Given the records below, the lines starting at the line with "Argentina já está" and ending at the line with "- Ideal zum" should be output exactly, both end lines kept and pictures left out.

INPUT DATA:
————
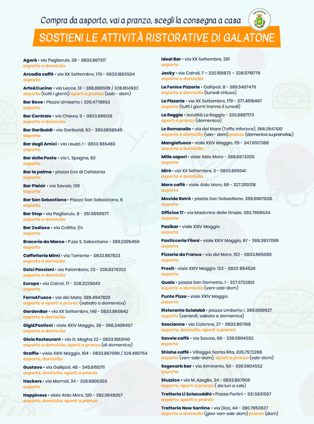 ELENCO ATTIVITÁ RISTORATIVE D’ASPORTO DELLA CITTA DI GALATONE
————
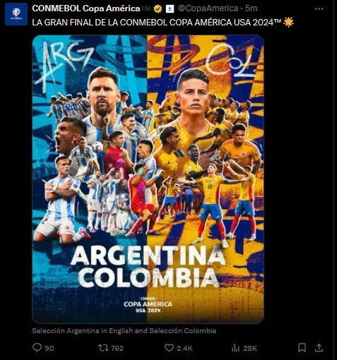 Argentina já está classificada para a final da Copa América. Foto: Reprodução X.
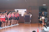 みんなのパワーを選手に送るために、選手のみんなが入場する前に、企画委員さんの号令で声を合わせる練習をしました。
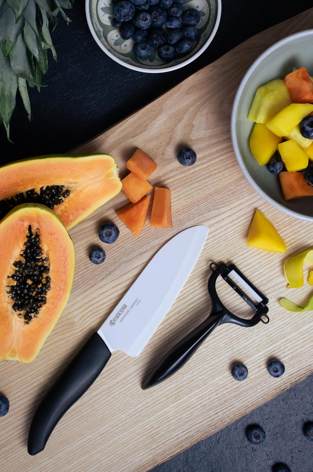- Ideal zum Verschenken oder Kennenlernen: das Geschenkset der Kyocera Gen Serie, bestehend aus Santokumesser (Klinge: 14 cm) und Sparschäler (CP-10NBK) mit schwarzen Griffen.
————
EXERCISE OUTPUT:
 Argentina já está classificada para a final da Copa América. Foto: Reprodução X.
 みんなのパワーを選手に送るために、選手のみんなが入場する前に、企画委員さんの号令で声を合わせる練習をしました。
- Ideal zum Verschenken oder Kennenlernen: das Geschenkset der Kyocera Gen Serie, bestehend aus Santokumesser (Klinge: 14 cm) und Sparschäler (CP-10NBK) mit schwarzen Griffen.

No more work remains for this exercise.